Я лежал на кровати, и каждый собственный вздох казался мне отрывком громогласной приэшафотной барабанной дроби. Я не стал заострять свою память на том, чтобы просто вычислить количество, весомость и значимость тех компонентов селения X и его обитателей, кои опротестовали меня как личность, так как я не считаю нужным во всем отчитываться себе. Я доверяю моему Бессознательному, я знаю, что Оно мне не враг. Просто обилие систематизированного материала и его аффектоносная убедительность расшатали во мне стержень воли. Открытый шар моего воображения бесновался в окаянной агонии, а воспаленный мозг ломился от энергетического письма беглых, но основательных умозаключений. Я лег спать на исходе дня и теперь, прогнувшись почти в кромешной тьме, не мог уразуметь, что это: скомканный остаток сегодняшнего дня или раннее, порабощенное багровыми тонами начало завтрашнего? И мог уточнить время, а соответственно и мою принадлежность к тому или иному дню, но элемент безвестности во временной ипостаси, казалось, вспомоществует в нахождении той или иной определенности в нравственной сфере и подвигнет меня на те или иные поступки, ибо, пленяя неопределенностью в одном пространстве, ситуация, как правило, дарует нам предельную ясное и в другом.

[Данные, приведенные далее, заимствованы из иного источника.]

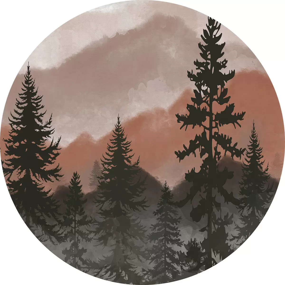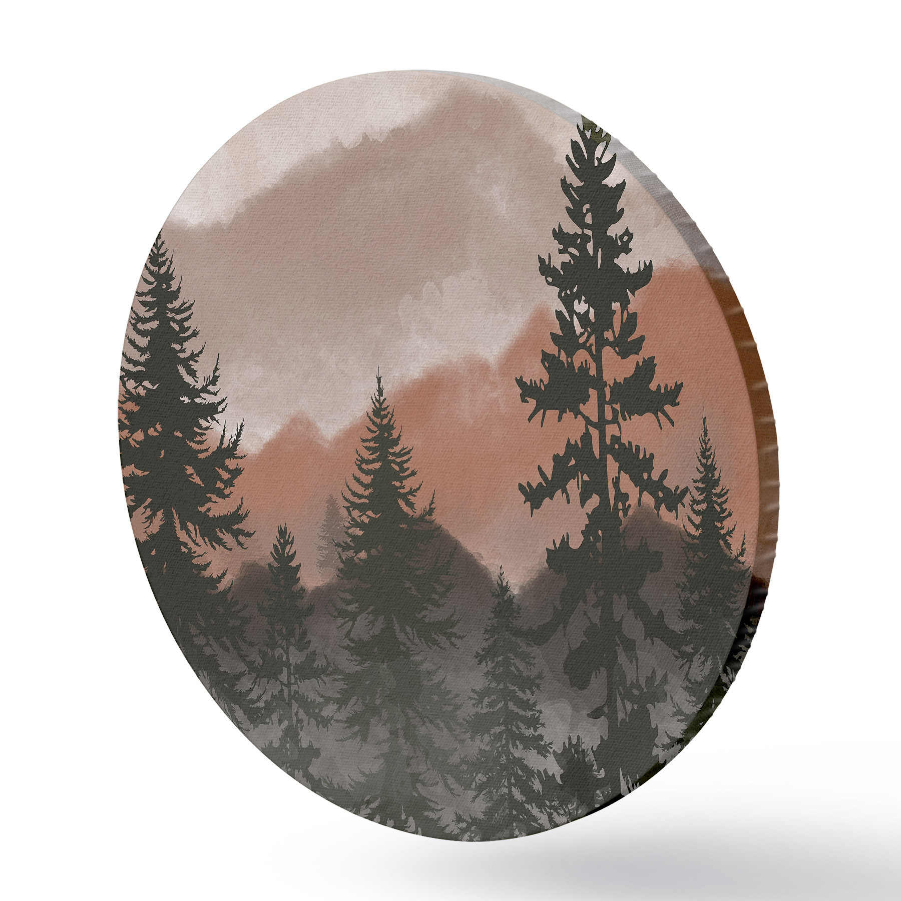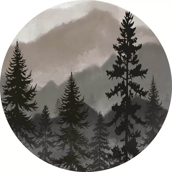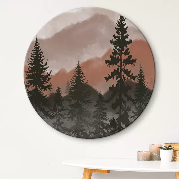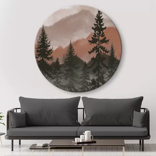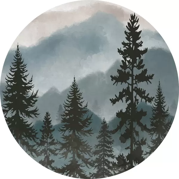 Apaļas gleznas Kalnu ainava ar eglēm akvarelī r37017v2

Абсолютно безграничной неясности не бывает. Итак, задача сводилась к следующему: либо я останусь самим собой нравственно, личностно и пересилю среду за счет переизбытка новой воли в совокупности с новыми активными методами отношения к действительности, либо я изменюсь как личность и поддамся среде за счет новых пассивных методов отношения к действительности в совокупности с потерей прежнего уровня воли. Меня безоговорочно устраивал лишь первый вариант. Но обитание в селении X и взаимодействие с лицами, его населяющими, равно и тем пластом культуры и цивилизации, которые оно имело честь представлять, сгоняли меня на вторую.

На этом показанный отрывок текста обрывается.